Sequoia Brewing Company, through its parent company J&A Mash & Barrel, LLC — asked for the court to block the sale of the building it leases from the theatre’s current owner. The legal argument was based on a contractual conflict rather than flashpoint issues such as zoning.
“What we asked the court for today and received was just to slow down the process, to allow our rights to be considered because we felt that they weren’t being considered,” Kimberly Mayhew, attorney for Sequoia Brewing Company, told the media.
Both Tower Theatre Properties, Inc. and Adventure Church were named as defendants in the case. They were represented by separate attorneys.
McGuire urged the parties to negotiate a resolution to the dispute.
The TRO case will return to McGuire’s court on March 17.
Future of Tower Theatre Sale Unclear
“I don’t know the answer to that. Hopefully we will find out something soon.” — Tower Theatre owner Laurence Abbate
It is unclear whether the decision will hold up the sale of the remaining buildings, including the Tower Theatre itself, and other property included in the transaction. The sale is scheduled to close escrow on Friday.
“I don’t know the answer to that,” said Laurence Abbate, whose family has owned Tower Theatre for almost 80 years. “Hopefully we will find out something soon.”
Other attorneys involved did not have an answer either.
“I imagine it will have some effect. I don’t know what that will be yet,” David Camenson, attorney for the Tower Theatre, said after the hearing.
Nathan Klein, attorney for Adventure Church, did not offer a comment.
Sale Opposed by Tower Neighbors
The proposed sale to Adventure Church has faced backlash from the Tower District community. The opposition has argued that, based on an assessment by Fresno city officials, the theater is not zoned to hold religious assemblies. The church disagrees.
Also, nearby businesses are concerned that their proximity to a church-owned property may affect their licenses to sell liquor or cannabis products, or to operate dance clubs.
Opponents have held weekly rallies across the street from the theater on Sunday mornings. Until recently, the church held in-person services twice a week at the theater.
Tenant Sought Injunction
The sale of the Tower Theatre complex includes the iconic theater and three other buildings, leased by restaurants.
Sequoia Brewing Company filed its lawsuit last week, arguing that it has the right of first refusal to purchase the building it leases. Those rights were denied when the church revealed it was in escrow to purchase the building last December.
“It’s kind of a technical legal argument,” Mayhew told the media after the hearing. “If this had been an option, everything would have been laid out in the lease contract and we wouldn’t probably be having this fight.”
The restaurant/brewery claimed in its lawsuit that the owner of the Tower Theatre properties would not provide a figure to purchase the building it leases. The theater, in its court filings, included a Feb. 18 letter between the attorneys revealing a $1.268 million price tag.

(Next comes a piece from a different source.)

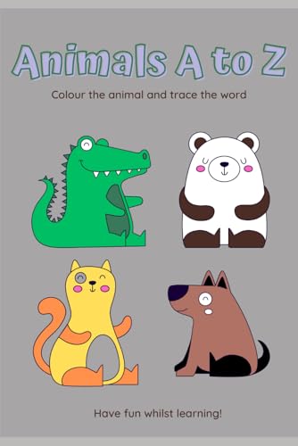 Animals A to Z colouring book for ages 3+: Colour the animal and trace the word

The lawsuit applies just to the building Sequoia Brewing Company leases, and not to the theater or other parts of the property.
Opponents of the sale created a legal defense fund, soliciting donations through GoFundMe. As of Wednesday afternoon, the fund has raised more than $40,000.
Mayhew could not talk about payments from her clients and how the fundraising dollars may be used.
Defendants: Option to Buy, Not a Right
“If this had been an option, everything would have been laid out in the lease contract and we wouldn’t probably be having this fight.” — Kimberly Mayhew, attorney for Sequoia Brewing Company
According to court documents filed Tuesday by Tower Theatre Properties, Inc., Adventure Church proposed buying the theater complex in August 2020.
Rebutting the right of first refusal argument, the theater argued that Sequoia Brewing Company does not have that right, but rather an “option to purchase.” That option can be executed regardless of who owns the property.
Judge McGuire did not tip her hand on the option versus right of first refusal argument, that emerged as the central controversy in the case. Both sides will submit briefs in the coming weeks. Witnesses may be called at the next hearing as well.
The theater also argued that Sequoia Brewing Company would not be harmed because they can still make the purchase under its option.
In court documents filed by Adventure Church — through attorney Nathan Klein of Tyler & Bursch — argued that the restaurant/brewery did not respond with its intentions to purchase the property during the 12 day window after being notified and likely does not have the financial means to buy the building.
The church said it would give Sequoia Brewing Company until March 31 to make an offer to buy.